**DATA SECTION**
-=-=-
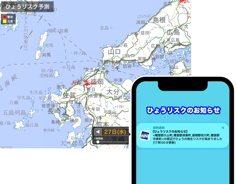 また、ひょうのリスクが高まったら、スマートフォンにプッシュ通知でお知らせしています。
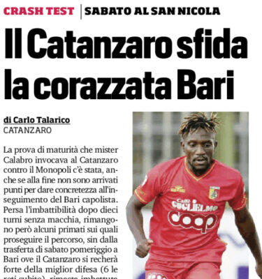 Corriere dello Sport: “Crash test sabato al San Nicola. Il Catanzaro sfida la corazzata Bari”
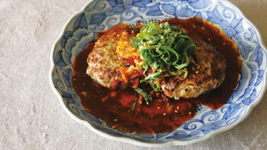 肉ダネに刻んだ牛カルビ肉を混ぜた、ちょっとぜいたくなハンバーグ。かみしめるたびに、肉のうまみがジュワッと広がります。焼き肉のたれとキムチを合わせた韓国風のたれがよく合います。
-=-=-
**ACTIVITY**
Print the material word for word without images.

**YOUR RESPONSE**
 また、ひょうのリスクが高まったら、スマートフォンにプッシュ通知でお知らせしています。
 Corriere dello Sport: “Crash test sabato al San Nicola. Il Catanzaro sfida la corazzata Bari”
 肉ダネに刻んだ牛カルビ肉を混ぜた、ちょっとぜいたくなハンバーグ。かみしめるたびに、肉のうまみがジュワッと広がります。焼き肉のたれとキムチを合わせた韓国風のたれがよく合います。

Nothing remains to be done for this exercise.